Kotlinx.coroutines: Accessing throw-site MDC context in "global" exception handler

Created on 3 Nov 2020 · 10Comments · Source: Kotlin/kotlinx.coroutines

I am trying to enrich an application with some MDC context in order to make debugging issues easier.
My goal is to be able to log the MDC context from the point where an exception was thrown alongside the error.

In a non-coroutine world, that is easily possible by only popping the MDC entries when your block of code finishes successfully, but not on error. Your catch on the outermost level or a global exception handler would then still be able to "see" the MDC context from the throw site because it is left intact.

In a coroutine world, we have to wrap our suspend functions with withContext(MDCContext()) {} in order to bridge the ThreadLocal gap. But that means that whenever the coroutine resumes, the MDCContext will be restored to what it was when the MDCContext() was instantiated.

I tried using CoroutineExceptionHandler and supervisorScope to achieve the desired behaviour because I thought the coroutineContext passed to the CoroutineExceptionHandler would refer to the coroutine that failed (so I could get the MDCContext element in there), but it seems to be the supervisor job's coroutineContext.

I _could_ wrap every body inside withContext(MDCContext()) with a try/catch, log the error there and then rethrow, but that would mean I log the exception N times for N levels of nested MDCContexts, which is unsatisfying.

Any help on how I could achieve this will be greatly appreciated, I am out of ideas.

Please take a look at the following sample code to get an idea of what I am trying to achieve:

import kotlinx.coroutines.runBlocking
import kotlinx.coroutines.slf4j.MDCContext
import kotlinx.coroutines.withContext
import org.slf4j.Logger
import org.slf4j.LoggerFactory
import org.slf4j.MDC

private val logger: Logger = LoggerFactory.getLogger("test")
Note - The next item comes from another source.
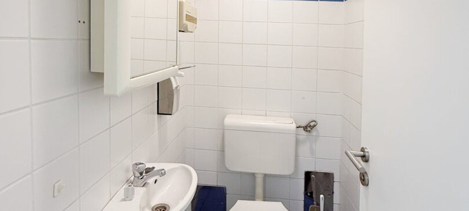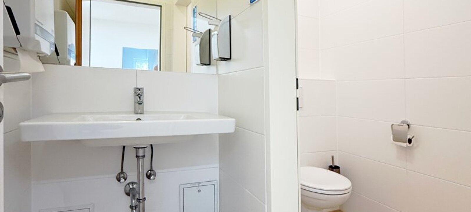 Die Praxis liegt im 1. Obergeschoss und ist mit einem Personenaufzug erreichbar, allerdings nicht ganz barrierefrei, da dieser Lift im Halbstock startet.

suspend fun deepInSomeOtherCode() {
    MDC.put("nesting", "deeper")
    withContext(MDCContext()) {
        logger.info("deep in the code")
        throw Exception("Oh noes, a bug!")
    }
}

fun main() {
    runBlocking {
        try {
            MDC.put("additional", "info")
            withContext(MDCContext()) {
                // do something
                logger.info("I swear I am useful")
                deepInSomeOtherCode()
            }
        } catch (e: Exception) {
            // I want to be able to log the MDC Context from
            // where the exception occurred (the innermost coroutine context)
            // alongside with this error message. So MDC context should be
            // "additional": "info"
            // "nesting": "deeper"
            // but with this code, MDC will only contain "additional": "info"
            // because MDCContext() will always install the MDC the coroutine was created with
            // upon resuming, so you will always end up with the MDC from the outermost MDCContext()
            logger.error("An error occurred", e)
        }
    }
}

question waiting for clarification

Source

luqasn

All 10 comments

I'd suggest to enrich the exception with the context. This can be done by implementating a function like this and using it every time you need to adjust the context. Something like this:

suspend fun <T> withMDC(key: String, value: String, block: suspend CoroutineScope.() -> T): T {
    val newMap = MDC.getCopyOfContextMap() + mapOf(key, value)
    return try { 
        withContext(MDCContext(newMap), block)
    } catch(e: Throwable) {
       throw enrichExceptionWithContext(e, "$key = $value") // enrich & rethrow
    }
}

There are different approaches to implement enrichExceptionWithContext function that you can choose based on your project's needs and preferences:

You can copy and recreate the exception similarly to how coroutines do it in debug mode, adding context information to the exception's message.
You can keep some side-channel WeakHashMap to associate exceptions with the additional context and use this map in your logging code.
You can create a separate exception to record the context in its message and use e.addSuppressed(...) to attach this context to the exception before rethrowing it.

Does it help?

elizarov on 5 Nov 2020

❤1

Thanks for your suggestions!

I want this block to be transparent to the caller, so I can't wrap the exception in some other exception. Also I want to log the context in a structured way which means I can not transport it (or don't really want to) in the exception message as a string. This makes this approach not viable for me
Where would you put this WeakHashMap? Up the chain in the root scope context or something? Do you maybe have a link to an example where something similar is being done? I would be interested how this would work.
This sounds to me like a relatively simple (albeit a bit hacky) solution. Looking at the JVM implementation, I am not sure I can rely on the Throwable to always support adding suppressed exceptions though (because of the constructor overload with the enableSuppression param). Do you know if this is going to be a problem in reality?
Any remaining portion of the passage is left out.